The drafting tasks were written by practising transactional lawyers. They cover the kind of work commercial lawyers do every day: master services agreements, NDAs, licensing and reseller terms, employment and non-compete clauses, partnership and M&A documents, IP and technology agreements, and dispute clauses such as arbitration and governing law. Each task was built around a specific trap a careful lawyer would want to catch. Examples include quietly redrafting a clause in one side's favour, writing a penalty that would not be enforceable without flagging the risk, and recognising that an existing clause already covers the client's concern and is best left alone.

Information extraction tasks (31)

The extraction tasks came from a separate set, also written by lawyers, each with an answer key. The answer key drives the marking, using three kinds of check: content the answer must include, wrong answers it must avoid (such as inventing the contents of a schedule the model cannot actually see), and bonus points for extra correct detail that is not required. The source documents are real or realistic legal materials: contracts, term sheets, board minutes, security summaries, scanned letters of intent, and email chains. Some tasks deliberately use poor-quality scans, where the honest answer is often “I cannot read this reliably” rather than a guessed value.

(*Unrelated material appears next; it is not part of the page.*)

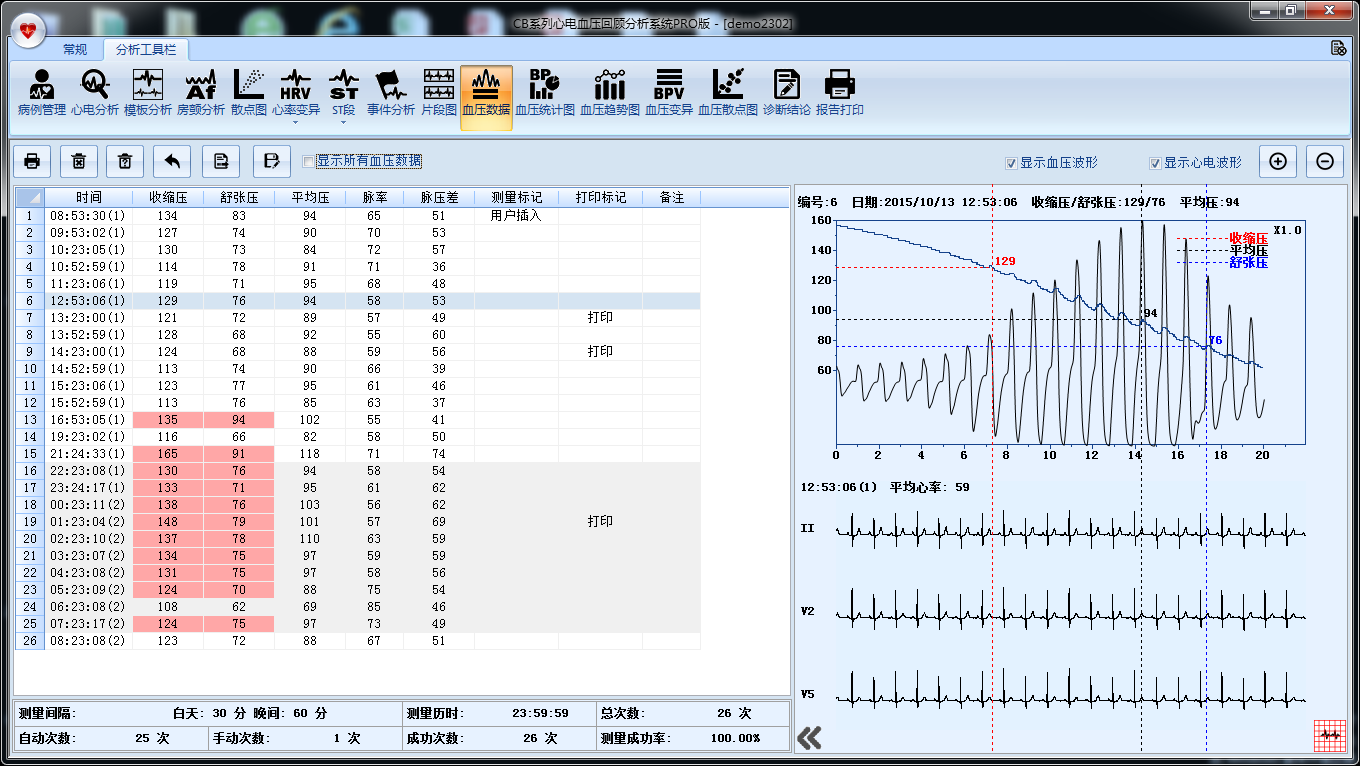 軟件分析功能全面:除了基本的心率失常、ST段、起搏分析功能外,還具備模板分析、房顫分析、心率變異(HRV)分析、QTc分析、心率震蕩(HRT)分析、T波電交替(TWA)分析、心室晚電位分析、心率減速力分析、心電向量分析、色譜圖等諸多研究功能,同時軟件提供特色編輯手段,幫助用戶輕松完成分析工作。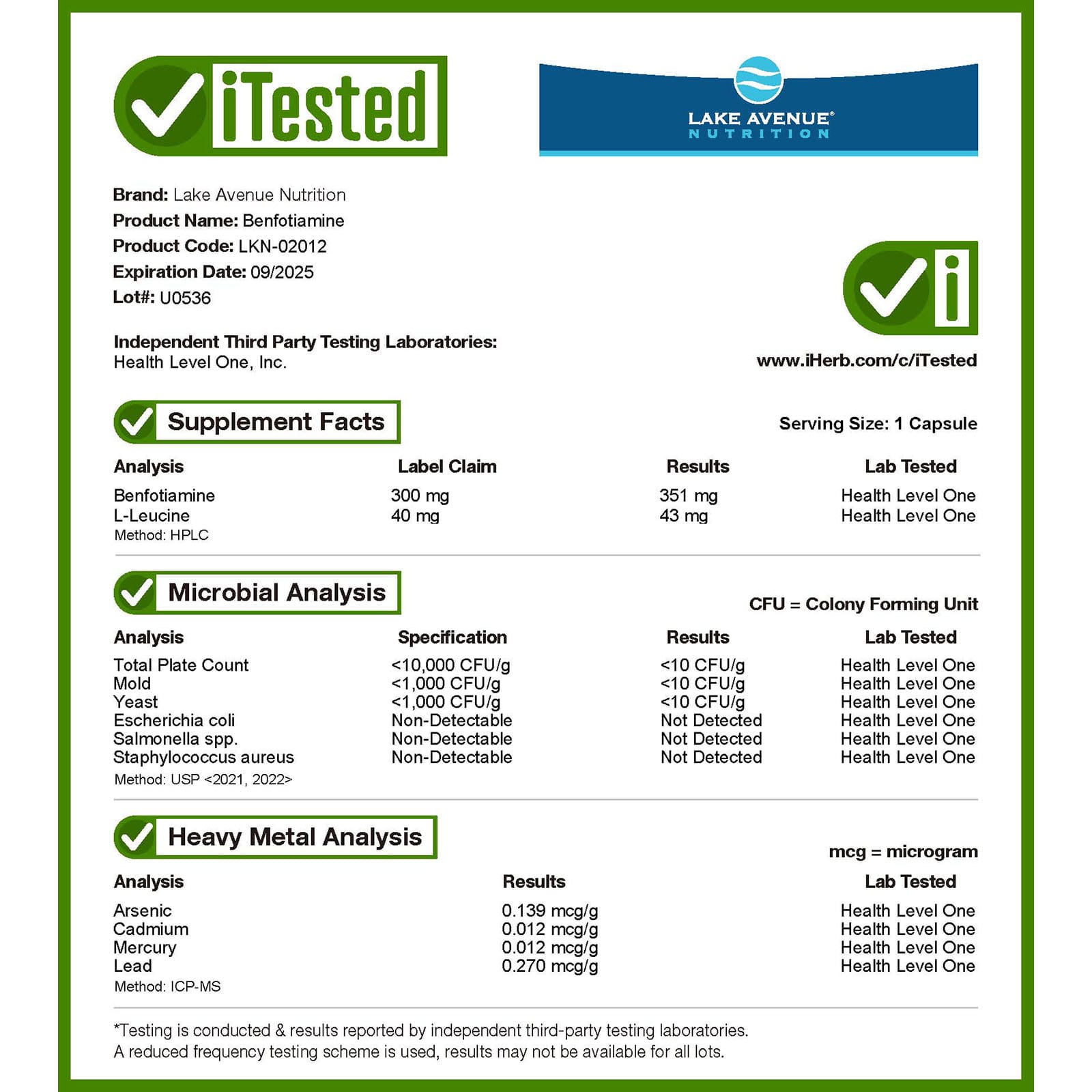 Бенфотиамин от Lake Avenue Nutrition® содержит жирорастворимую форму витамина B1, важного питательного вещества, которое помогает организму выполнять различные функции. Поскольку бенфотиамин жирорастворимый, он может храниться и использоваться организмом позже, помогая улучшить его биодоступность.

Analysis tasks (5, not in the leaderboards)

A smaller set of 5 tasks tests reasoning where the answer is genuinely uncertain, such as pension and regulatory-timing questions. We left these out of the leaderboards because five tasks are too few to rank on, but the per-task results are available for anyone who wants them.

What we deliberately left out

  • No confidential firm documents. Every source file is public, written for the test, or changed enough that it could not identify a real client.
  • No severity weighting in the score. We do not treat some checkpoints as more serious than others in the reliability number itself. The marking tells you what was checked; how much weight to give each point is your call as the reader.
  • The marking checklist, hidden from the model. As above, the model only ever sees the instructions and documents, never the checklist used to grade its work.